The 2024 USL Championship and League One regular seasons are in the books, we’re partway through the playoffs, and the winter break will be here before you know it.
In many ways, it’s been a banner year for the USL across the board. The Super League, a first-division women’s competition, hit the field. Television deals with CBS, NBC, and TUDN brought more attention to the USL. Players like Nick Markanich, the Championship’s Golden Boot winner, deepened the league’s pipeline to Europe.
That said, there are still potential pitfalls that loom over the USL’s future. The American soccer landscape is always changing, so what big questions loom for the league as 2025 approaches?
1. Will MLS continue to enter USL markets?
The biggest storyline of the spring in the USL was neither on-field performances nor off-field progress.
Instead, the reveal of a bid to bring Major League Soccer to Indianapolis – home of the USL Championship‘s Indy Eleven – stole the headlines. Though little is known about the expansion effort, its arrival led the Indianapolis City-County Council to pull support from the Eleven’s previously approved stadium initiative in favor of a putative MLS facility.
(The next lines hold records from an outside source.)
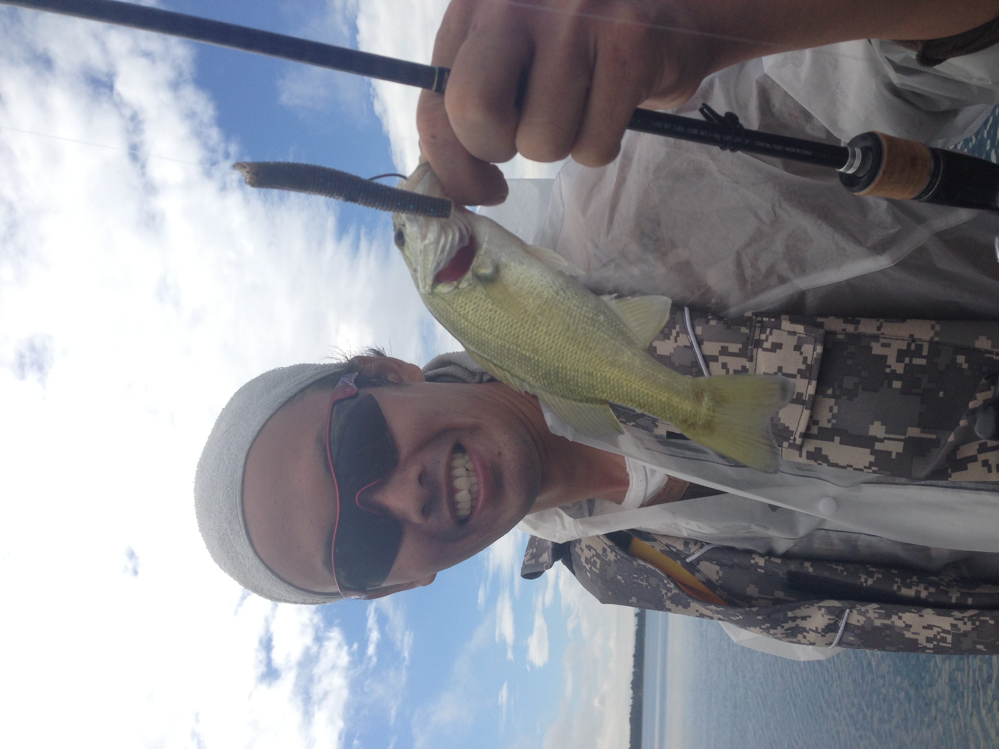 今日は同期の木原君を道連れ。彼、よくこのブログに出てきますが、僕の船でしかバス釣りしたことがありません笑
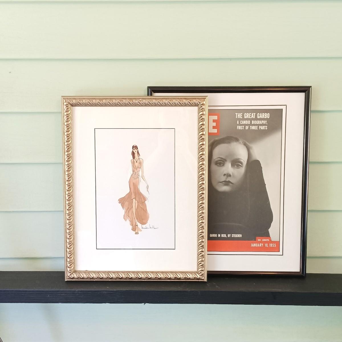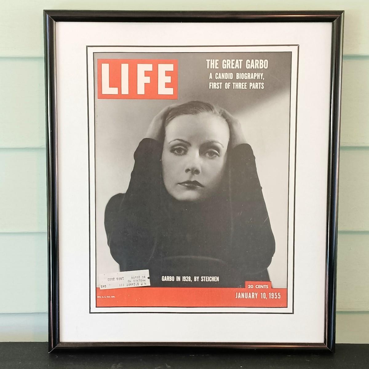 LOT 50: Framed Life Magazine Cover Featuring Greta Garbo with Nicole Miller Fashion Print
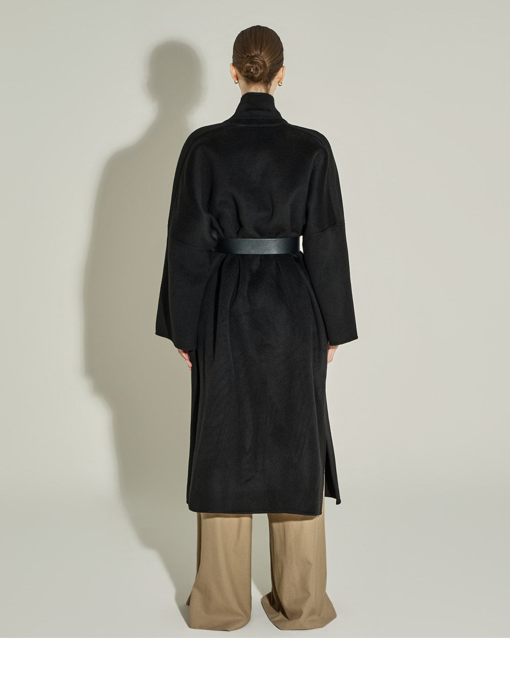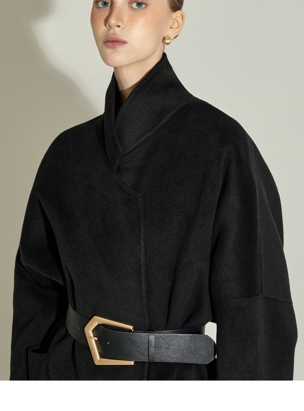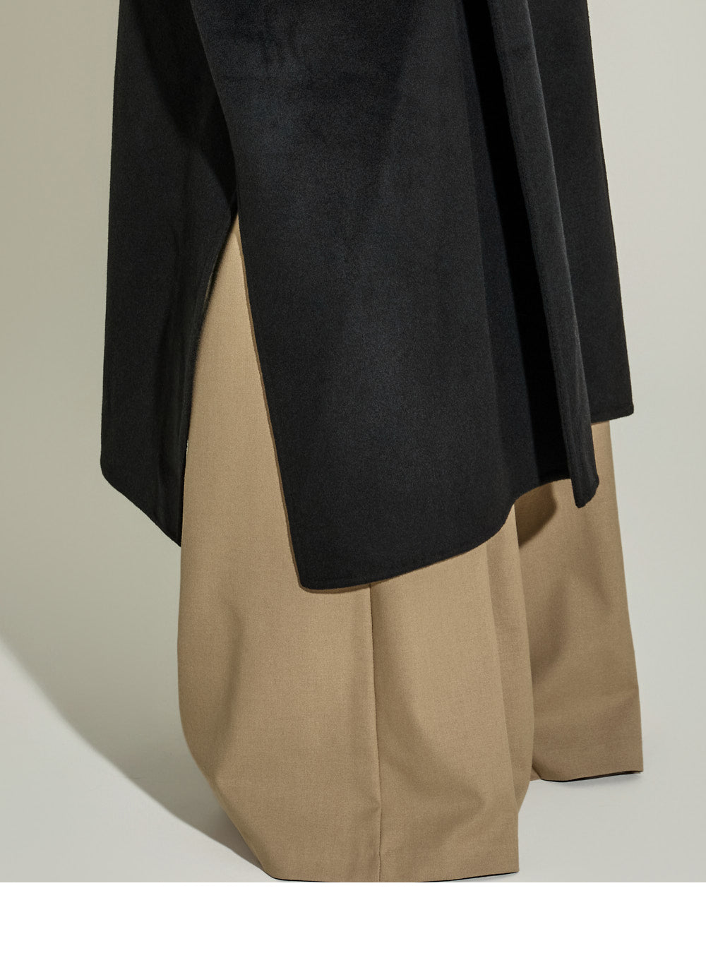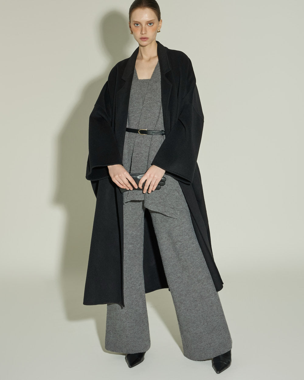 The double-sided slits and strap detailing allow for natural waistline adjustment,
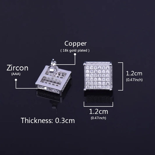 10x10mm Mens Zircon Earring Hip hop style Copper Material Iced Bling CZ Square Stud Earrings Screw-back Fashion Jewelry
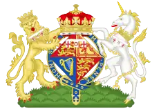 Malgré la mort de la reine Mary le , les préparatifs du couronnement se poursuivent et il a lieu comme prévu le [117]. À l'exception de l'eucharistie et de l'onction, l'ensemble de la cérémonie à l'abbaye de Westminster est retransmis à la télévision pour la première fois de l'histoire[118],[alpha 5]. La robe de couronnement est dessinée par Norman Hartnell (en), elle est brodée avec les emblèmes floraux des pays du Commonwealth[125],[126] : la rose Tudor anglaise, le chardon écossais, le poireau gallois, le trèfle irlandais, la feuille d'érable canadienne, le mimosa doré australien, la fougère argentée néo-zélandaise, la protée royale sud-africaine, la fleur de lotus pour l'Inde et Ceylan et le blé, le coton et le jute pakistanais[127].

The case of Indianapolis is yet another example of MLS either directly poaching or indirectly competing with existing USL clubs. The San Diego Loyal folded at the end of the 2023 season despite maxing out capacity at Torero Stadium, just over a year before MLS’s San Diego FC was scheduled to come to town. Nashville, Cincinnati, Orlando, Austin, and St. Louis have all abandoned ship to move up a tier in the past.